A Dirty Business

Irritable Bowels. Diarrhea, constipation, cramping and bloating may be as regularly a part of your day as the stress you experience. Did you know that stress impacts your process of elimination?

There is a relationship between your gut and stress. Nerves feed from your heart directly into your intestines. They also feed from your heart to your brain. Think of it as a communication highway that regulates which chemicals are secreted and how much.

The brain in your gut, otherwise known as the enteric nervous system, sends and receives impulses, records experiences and responds to emotions. How often have you had a gut reaction, got butterflies or felt like you were kicked in the guts?

The language you use is reflective of how you feel and how you feel impacts how you feel. No, this is not a typo - the way you think and feel affects how you think and feel. If you soak in negative emotions such as frustration, sadness or worry, your body assumes there's a threat and prepares by eliciting the stress response.

If you are constantly plagued with loose bowels or are constipated or fluctuate between the two,  among other health concerns, consider learning stress techniques to help regulate your system.

Be your own lab rat. Learn and practice some stress techniques that help you change your perception, while balancing your nervous system. Treat the cause of your stress and not just the symptoms. Then, see what happens, or doesn't happen.

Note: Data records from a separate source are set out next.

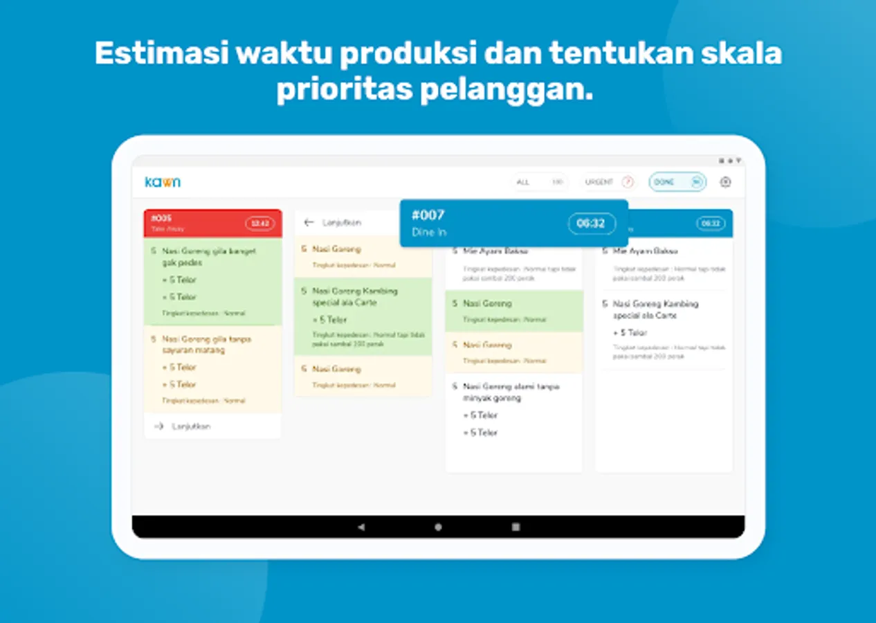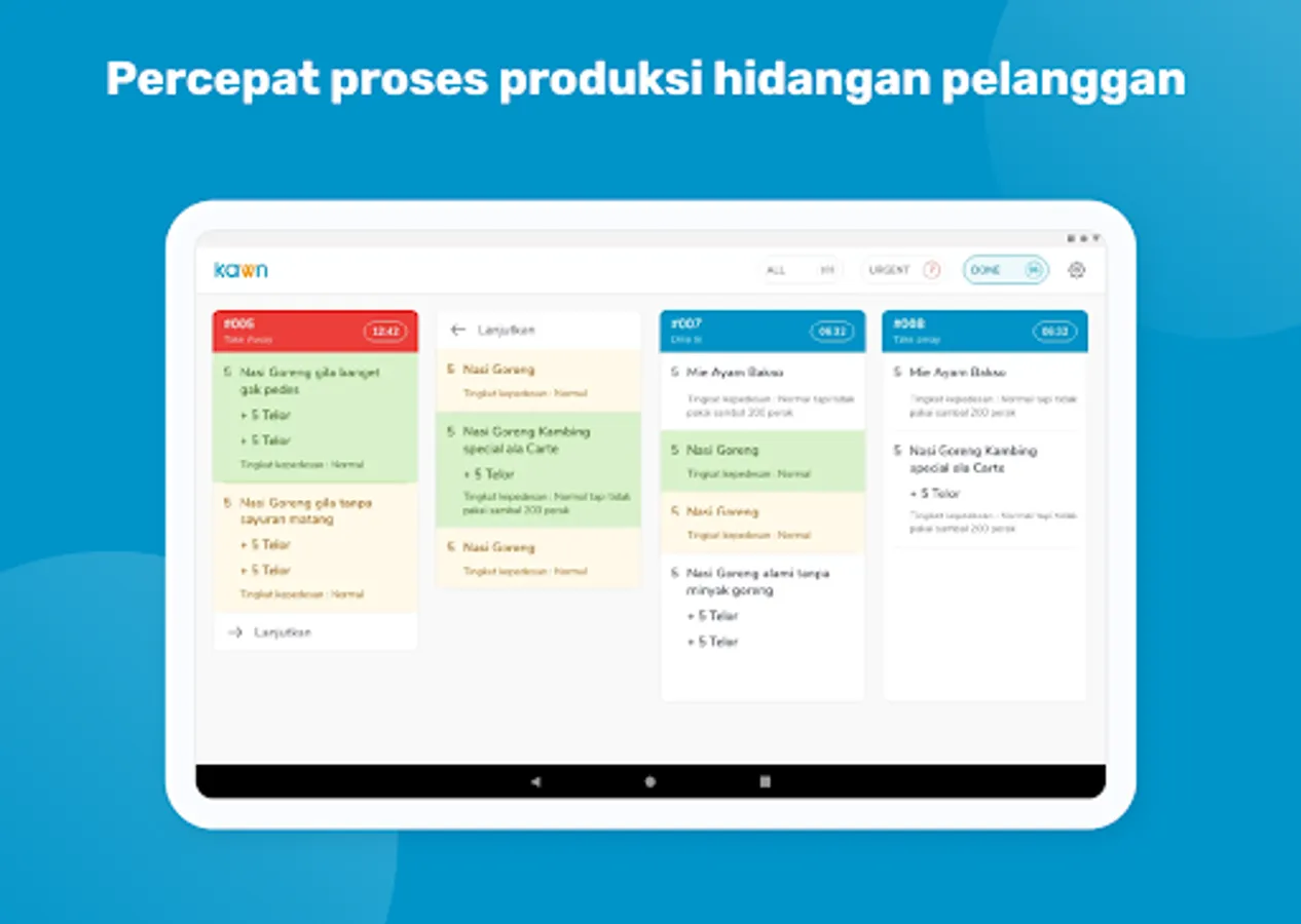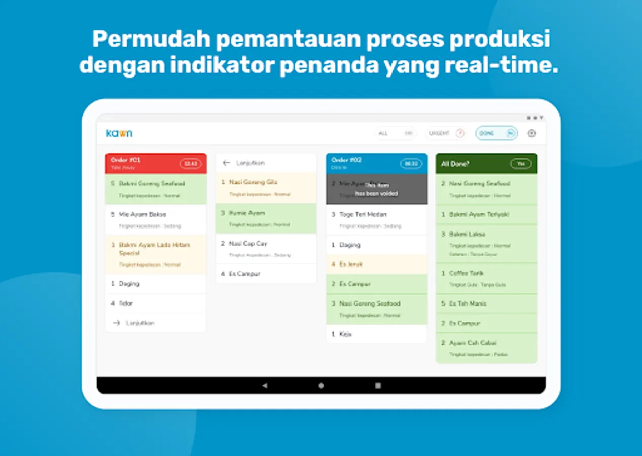 Dengan KAWN Dapur, tablet dan aplikasi kasir KAWN Anda kini bisa terhubung secara real-time dengan tablet di dapur, sehingga setiap Order yang masuk dapat segera muncul dan diproses oleh dapur Anda secara cepat, tepat dan efisien!
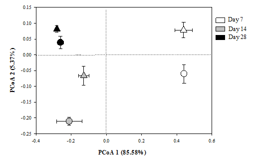 圖2正常CO2濃度(○)和CO2濃度升高(△)條件下大豆殘?bào)w在培養(yǎng)7天、14天、28天后土壤整體細(xì)菌群落結(jié)構(gòu)PCoA圖。
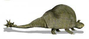 Глиптодонты (семейство Glyptodontidae) появились в Южной Америке еще в миоцене, своего расцвета достигли в эпоху плейстоцена и вымерли уже в голоцене, совсем недавно, 8-10 тысяч лет назад. Сравнимые по размеру с небольшим автомобилем, глиптодонты были закованы в прочную броню. Их тело сверху и с боков покрывал мощный шарообразный панцирь, небольшая панцирная пластинка была и на голове. Основание хвоста, который заканчивался толстой костяной дубиной, было снабжено панцирем из нескольких прочных колец, состоящих из костных пластинок.

2 Replies to “A Dirty Business”

  1. If you were a traveling salesman in India when I was, you acquired IBS or Chronic amebiasis or both, and wore it as a badge of honour. Stress had nothing to with it, but just the conditions generally were not very hygienic where one got fed!

    It took a long time for me to get rid of both but once in way, I do get into some indigestion trouble but it will have its way, run its course and in a couple of days, disappear.

    1. Ramana,

      That must have been rough to have that experience while you were on the road.

      Glad that all’s well that ends well.